Судьбы, в беспорядке её картотек...

Как знаешь…Конечно – толкуешь ты мне

Про лужицы света вдали и повсюду,

И, словно молитву, читаешь Неруду...

Прости, мой фонарщик, я рядом не буду,

Когда твой фонарь задохнётся во тьме.

 

* * *

 

Собиратель мгновений,

укротитель креповых бабочек,

промокашечных голубей,

только тебе и доверю

рождественский вечер в Вене –

парчовый младенец

на площади...

не вспомню названия, хоть убей...

В восемьдесят-отъездном.

Неслышный (тишайший) возглас.

Воздух – колючий,

с мелкой холодной моросью –

тёплым парком пополняющийся

в толпе,

раскромсанный

тысячей лезвий,

чтобы свет

проливался в прорези.

Только тебе и нужен

тот чёрный воздух.

Только тебе.

Место на кладбище,

которого не хватило

той, которой не доставалось

ничего, никогда.

Точнее,

яйцо разбивающая,

в чернилах,

не гладкая,

морщинистая её рука

над сковородкой

на небольшом огне.

И запах жареного шпината…

Тебе это тоже надо,

не только мне.

Вот и пишу тебе часто,

перед уходом,

по крайней мере,

и (ты будешь доволен!)

на бумаге,

сделанной из тряпья.

Я ведь давным-давно

ни во что не верю.

Только в тебя.

 

На бульваре

 

Из какого-то прошлого... С бычьей шеей атланта,

С лакированной сумочкой на плетёном ремне,

Старая девушка по имени Иоланта

Выплывает, барахтаясь в белогорбой волне.

Дешёвенький, ландышевый, нежный запах приманки 

Вплетая в бульварный аромат нефтяной,

Своё имя нелепое, прихоть матери меломанки,

Как цветной парашют волочит за спиной.

Мамаши-студентки с младенцами милыми –

Вдохновенно воркуем сплочённым кружком.

Я не помню ни лиц, ни имён, ни фамилий их.
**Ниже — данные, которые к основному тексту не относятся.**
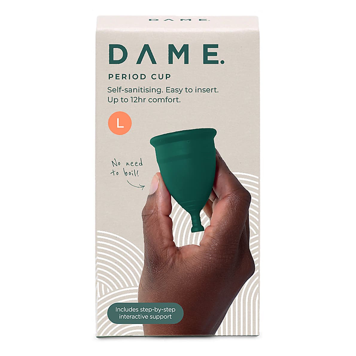 De DAME Menstruatiecup is gemaakt van zacht en flexibel TPE van medische kwaliteit en wordt aangedreven door natuurlijke, biocidevrije Saniconcentraten™, waardoor hij bestand is tegen 99,9% van de bacteriën en virussen. Het betekent ook dat je niet meer hoeft te koken of te ontsmetten tussen twee draagbeurten door, gewoon afspoelen, afvegen en opnieuw gebruiken.

Только Ласю, с её виноватым смешком.

 

Невиданный год

 

1. Вслух

 

Не война, не голод, не огнь из драконьей пасти –

неделимое целое, разодранное на части.

Отключи сериал, поди почитай пророков,

Йеремию читай, Исайю, оставь до срока

Богослова. Cвитер с колючим ворсом

натяни, xлебни тополиный воздух –

до краёв наполняя бронхи, питая жилы,

вспомни о тех, кому его не хватило.

 

2. Не всё развалилось…

 

Не всё развалилось – остались цветы и колибри!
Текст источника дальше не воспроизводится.